Density functional theory (DFT) calculations were performed using the ORCA (v.3.0.2) program.¹⁸ Starting geometries for all copper-hydroxide complexes were based on the respective X-ray crystal structures. Copper(I and III)-hydroxides were optimized spin-restricted whereas copper(II)-hydroxides were optimized spin-unrestricted using the mPWPW functional with a TZVP basis set, the Resolution of identity (RI) approximation, TZV/J auxiliary basis set, and a large integration grid (Grid4).^19–21 The mPWPW functional was chosen after a functional screen and was previously used to formulate an O–O Badger’s rule plot.^9b Analytical frequency calculations on all complexes confirmed stable structures with no imaginary frequencies observed. A comparison of the Cu–O bond lengths for the DFT optimized structures with the crystal structures is shown in Table S2. To determine the Cu–O vibration, the generated Hessian file was rerun through the “orca_vib” program where the mass of oxygen was changed to 18 amu, as documented in the ORCA manual. The largest shift in energy was then assigned as the Cu–O stretching vibration, which was also confirmed upon visualization of the vibration.

Predicted resonance Raman (rR) spectra were produced by first running numerical frequency calculations with the Raman keyword (Polar 1) to calculate the polarizabilities using the aforementioned level of theory (mPWPW/TZVP). Time-dependent DFT (TD-DFT) calculations were performed switching to the BP86 functional²² because the mPWPW functional was not implemented for rR calculations. Also, the Tamm-Dancoff approximation²³ was used with an energy window of ±3 hartree for 20 excited states. The generated file from this calculation was used as the input for the “orca_asa” program with the rR excitation energy set to the predicted λ_max for the LMCT band.²⁴

RESULTS

Resonance Raman Spectroscopy

Solution samples of the three complexes 1–3 were generated at −80 °C (for 1) or −25 °C (for 2 and 3) using established procedures, involving 1-electron oxidation of [LCuOH]⁻ precursors.^1–3 Thus, a solution of [NEt₄][1] in CH₂Cl₂ (4 mM) was treated with FcPF₆ and the resulting deep purple solution of 1 was flash frozen in liquid N₂. Similarly, samples of 2 in 1,2-difluorobenzene (DFB) were prepared from [NEt₄][2] and AcFc(BAr^F₄), and samples of 3 in DFB were prepared from [NBu₄][3] and Fc(BAr^F₄).

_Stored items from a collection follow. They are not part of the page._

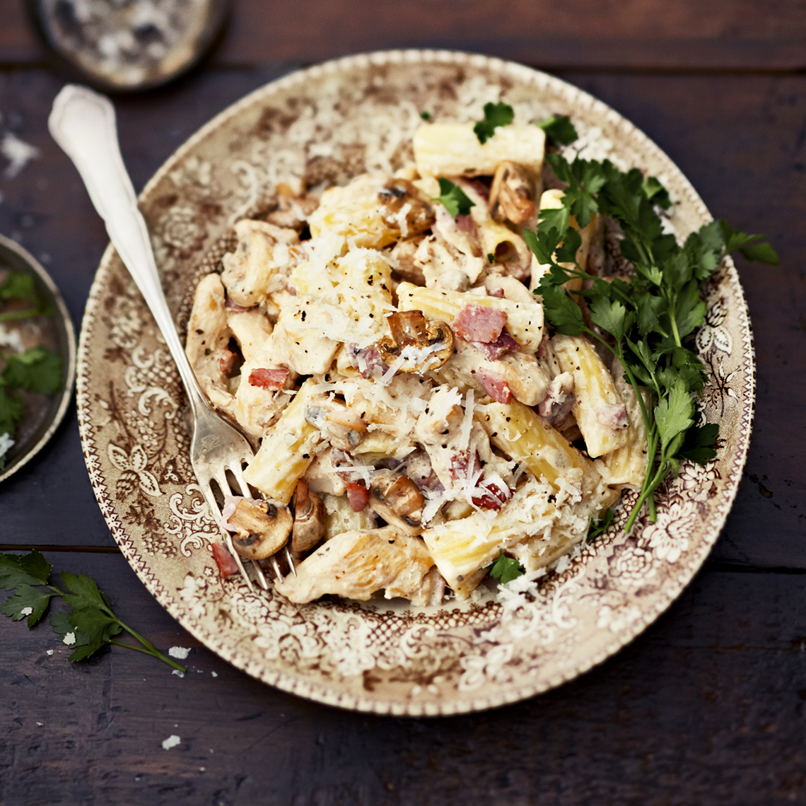 Keitä pasta kypsäksi pakkauksen ohjeiden mukaisesti suolalla maustetussa vedessä. Kaada pasta lävikköön ja valuta vesi pois. Tarjoile kana-pekonikastikkeen kera syvistä lautasista.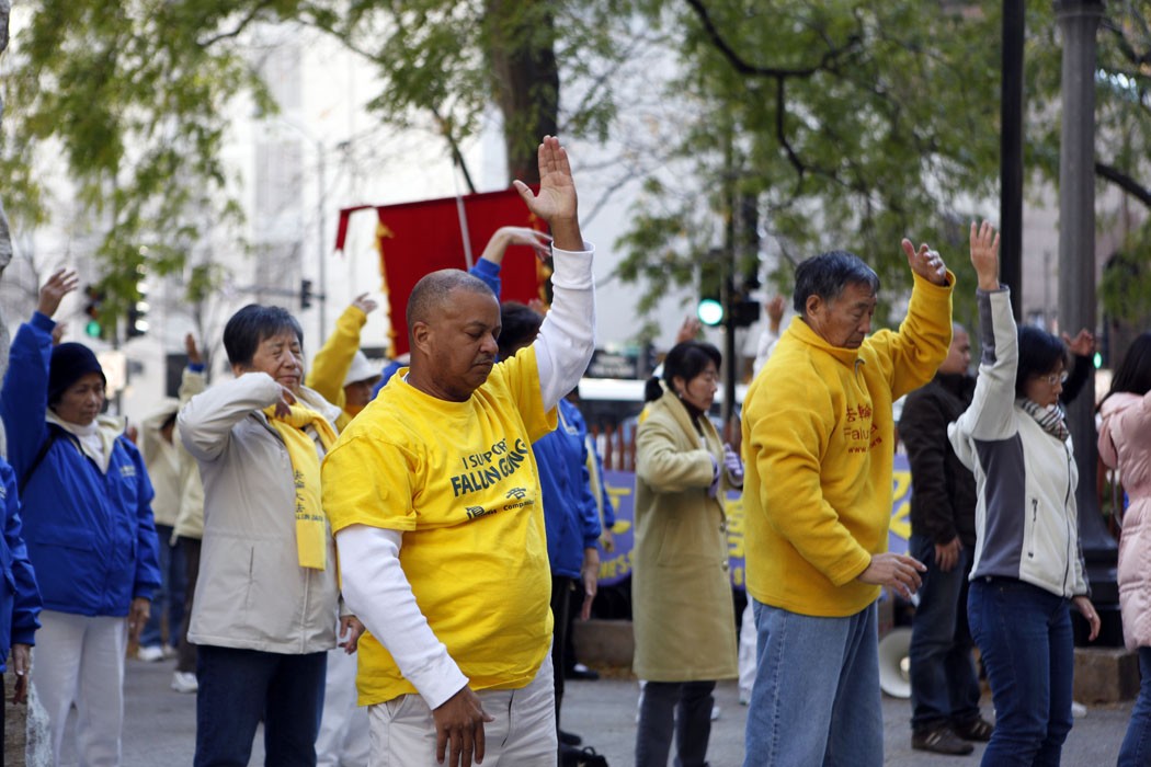 99年芝加哥法会期间法轮功学员在炼功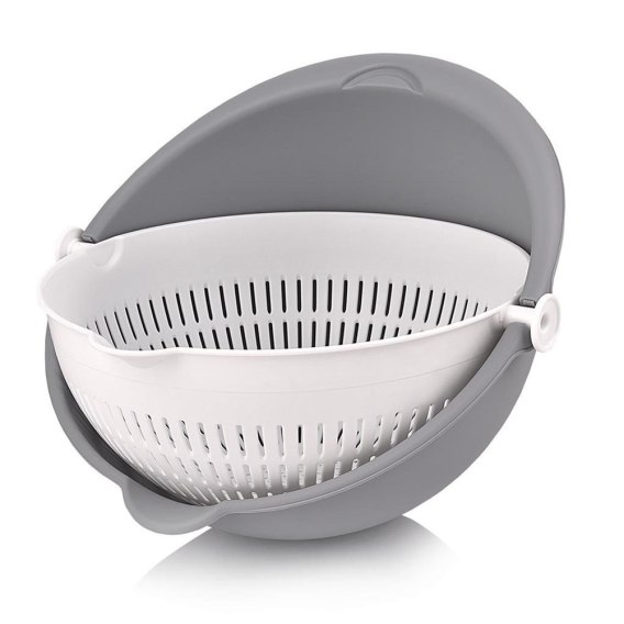 Miska z obracanym cedzakiem. Sprawdzi się do mycia oraz odcedzania zarówno warzyw i owoców jak i makaronu. Wykonana z tworzywa. Bezpieczna dla zdrowia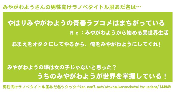 | 女子向けラノベタイトル風あだ名 | 『みやがわよう夫妻のなれそめ』 |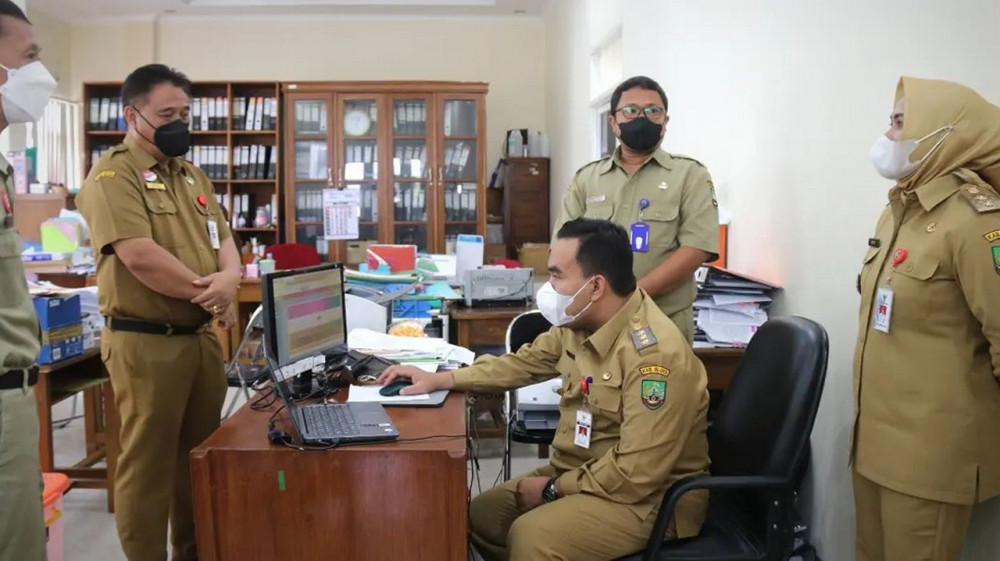 Bupati bersama rombongan saal laksanakan sidak di Kantor Badan Kepegawaian Daerah (BKD). Senin (09/05/2022) (foto: dok istimewa)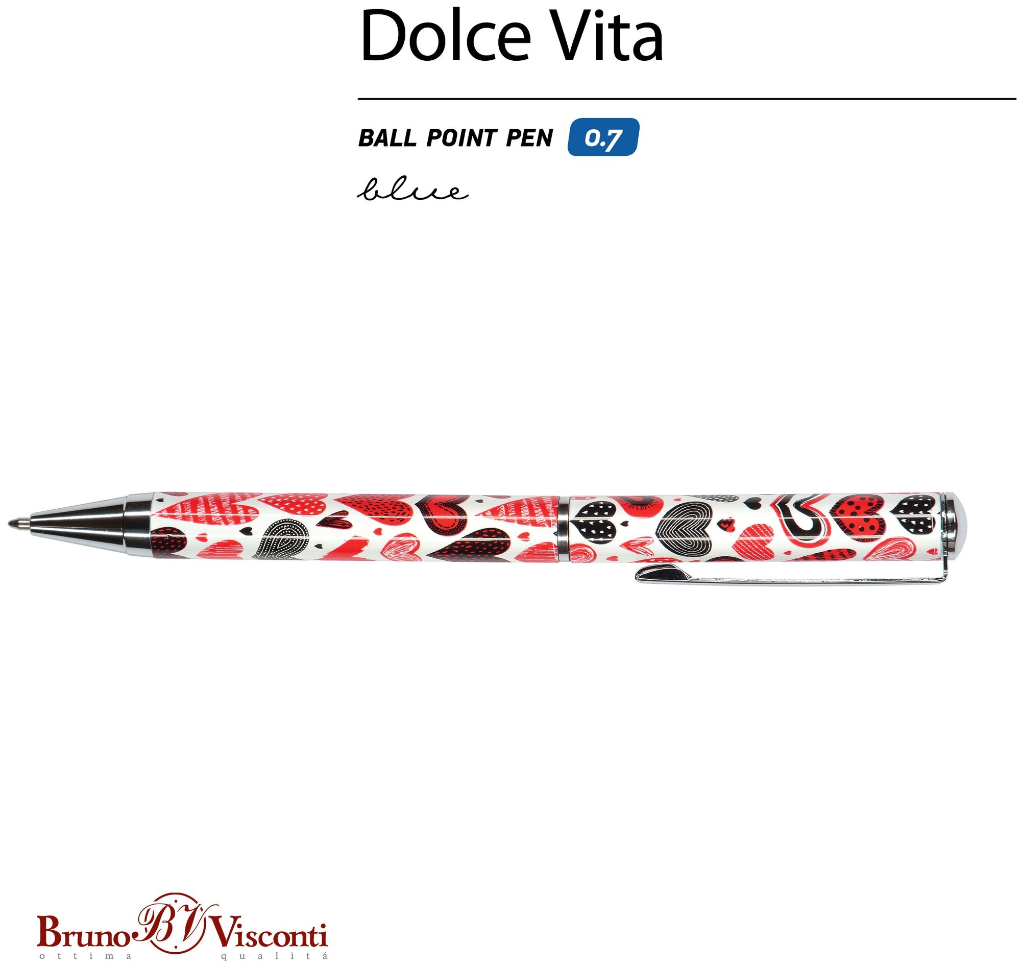 Ручка шариковая "DV. Сердечки. Фантазия" 0.7 мм синяя (20-0252/07); Bruno Visconti, 2019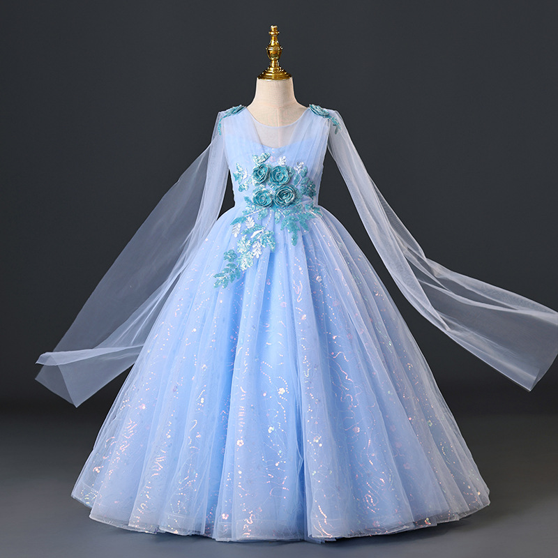 Young Colorful Beading Party Dress Sleeping Beauty Princess Gown Girls Pink Shining Tutu Dresses Kids Fashion Evening Clothing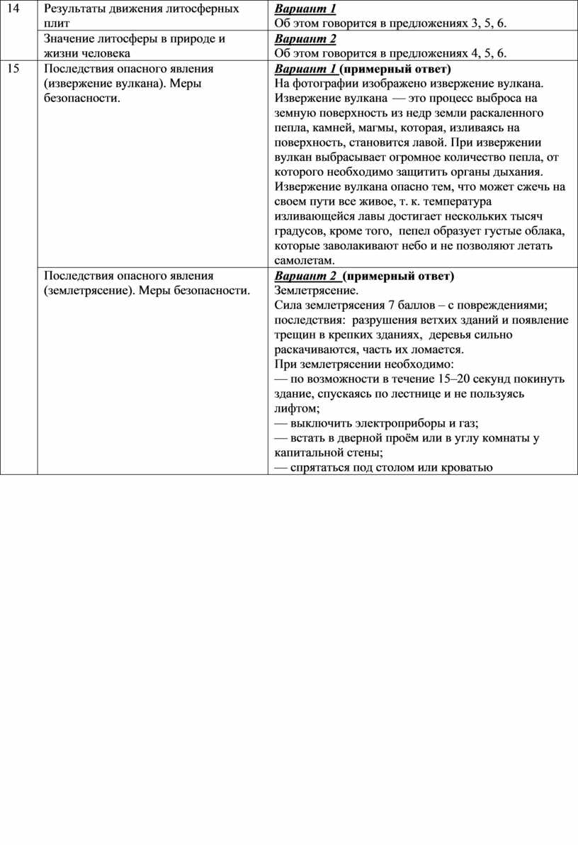 Вариант 2 (примерный ответ) Землетрясение. 1. Сила землетрясения 7 баллов – с повреждениями; a. последствия: разрушения ветхих зданий и появление трещин в крепких зданиях, деревья сильно раскачиваются, часть их ломается. При землетрясении необходимо: — по возможности в течение 15–20 секунд покинуть здание, спускаясь по лестнице и не пользуясь лифтом; — выключить электроприборы и газ; — встать в дверной проём или в углу комнаты у капитальной стены; — спрятаться под столом или кроватью |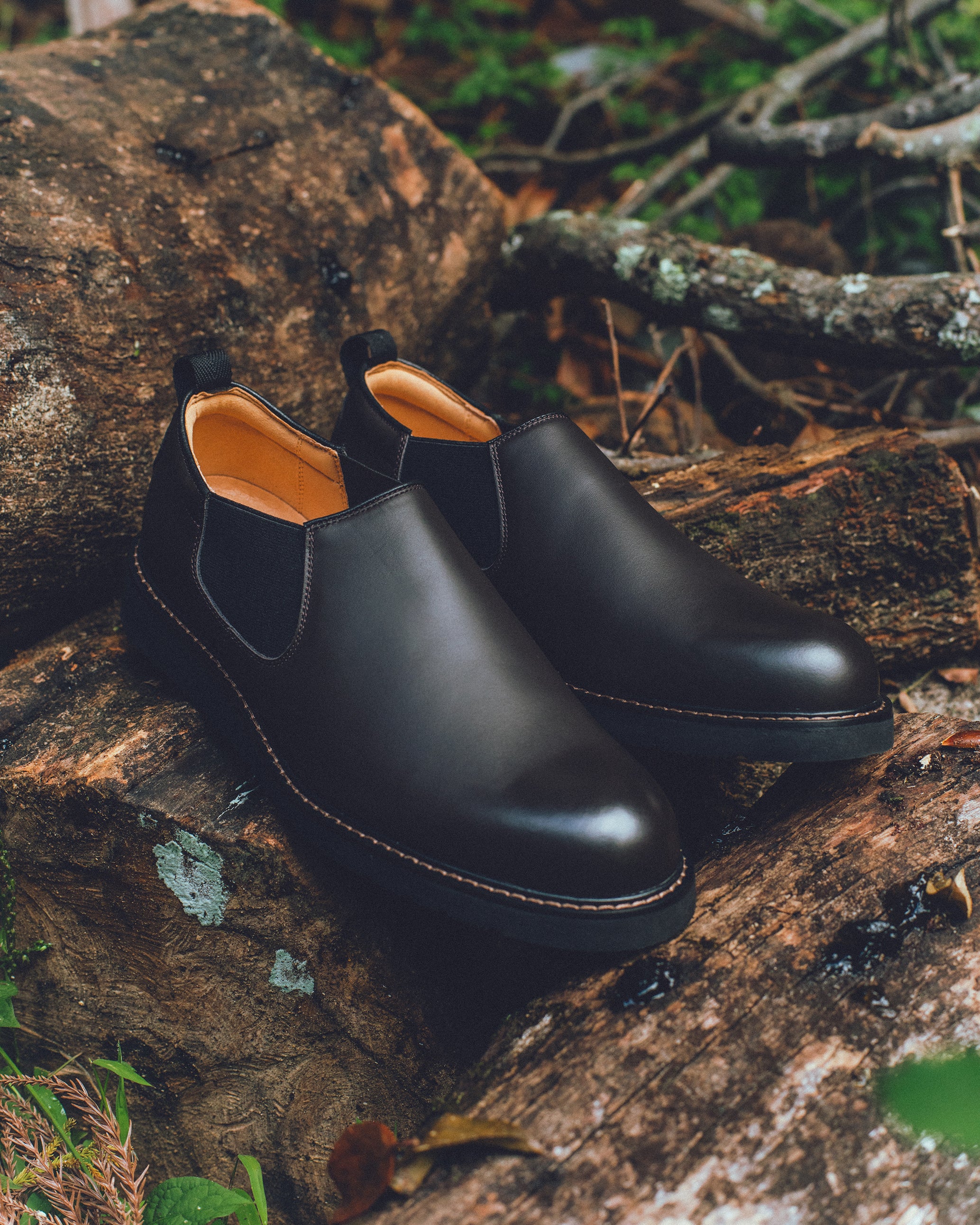 サイドゴアスリッポンは、着脱の容易さに加え、高いフィット感と安定性に優れています。余計な装飾を省いたミニマルなデザインは、幅広いスタイルに馴染みます。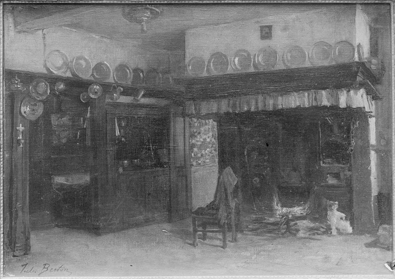 Reproduction de documents pour les Beaux-Arts. / Paris. Galerie de la rue de la Ville-l'Evêque. Concours pour la reconstruction d'habitations rurales dans les départements envahis. Intérieur d'habitation en ? par Jules Broton. [légende d’origine]
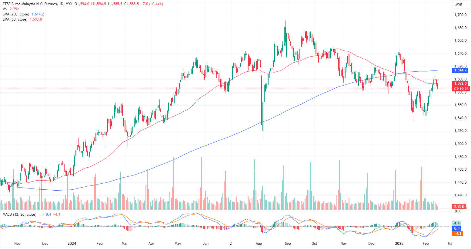 FKLI Feb month dropped 7 points or 0.44% to closed lower at 1585.5 on midday session. The FBM KLCI closed the morning session lower at 1,584.13, down 7.47 points or 0.47%, as market sentiment softened despite a generally positive performance in Asian markets. Selling pressure weighed on Malaysian stocks, with YTL Corp and YTL Power leading the declines.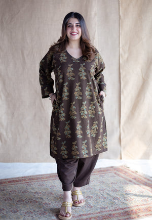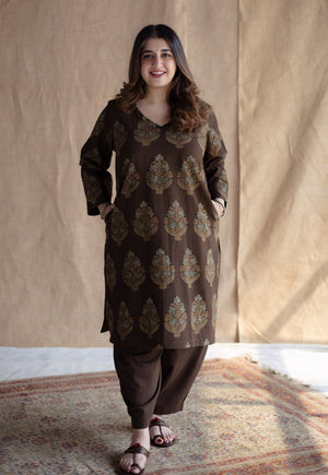 Tarin Brown Solid Slub Cotton Afghan Pant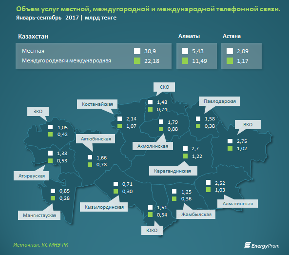 Постепенно отходят от услуг местной телефонии главные регионы-потребители этого сегмента - Алматы (-6,3% за год), ВКО (-8,6% за год), и Карагандинская область (-8,1% за год). В целом, телефонные сервисы теряют популярность практически во всех регионах. Незначительный прирост (всего +0,4%) отмечен лишь в Атырауской области.

Resonance Raman spectra were acquired using λ_ex = 515 or 514.5 nm, close to the λ_max values for the LMCT features for 1–3 at 513–563 nm (Figures S1–S3). For the case of 1, an ¹⁸O-isotope enriched sample (54–58%) was accessed by preparing [NEt₄][1] from a sample of NEt₄OH·5H₂O that had been treated with excess H₂¹⁸O (see Experimental Section for details). The rR spectrum (Figure 2) for this ¹⁸O-enriched sample of 1 exhibited a peak at 607 cm⁻¹ that was not present in the unlabeled sample, 26 cm⁻¹ lower than a peak at 633 cm⁻¹ that we therefore assign as ν(Cu–O) (Δ¹⁸O(calc) = 29 cm⁻¹, force constant 302 N m⁻¹ or 3.02 mdyn Å⁻¹). Similar peaks at 628 cm⁻¹ in the rR spectra for 2 and 3 were observed, and also assigned as ν(Cu–O), although isotopic labeling for these cases was not performed (Figures S2 and S3).

Figure 2.

rR spectra of 1 (red, ν(Cu–O) = 633 cm⁻¹), ¹⁸O-enriched 1 (black, ν(Cu–O) = 607 cm⁻¹), and the difference spectrum (blue, ¹⁶O–¹⁸O), using λ_ex = 515 nm, CH₂Cl₂ solutions at 77 K.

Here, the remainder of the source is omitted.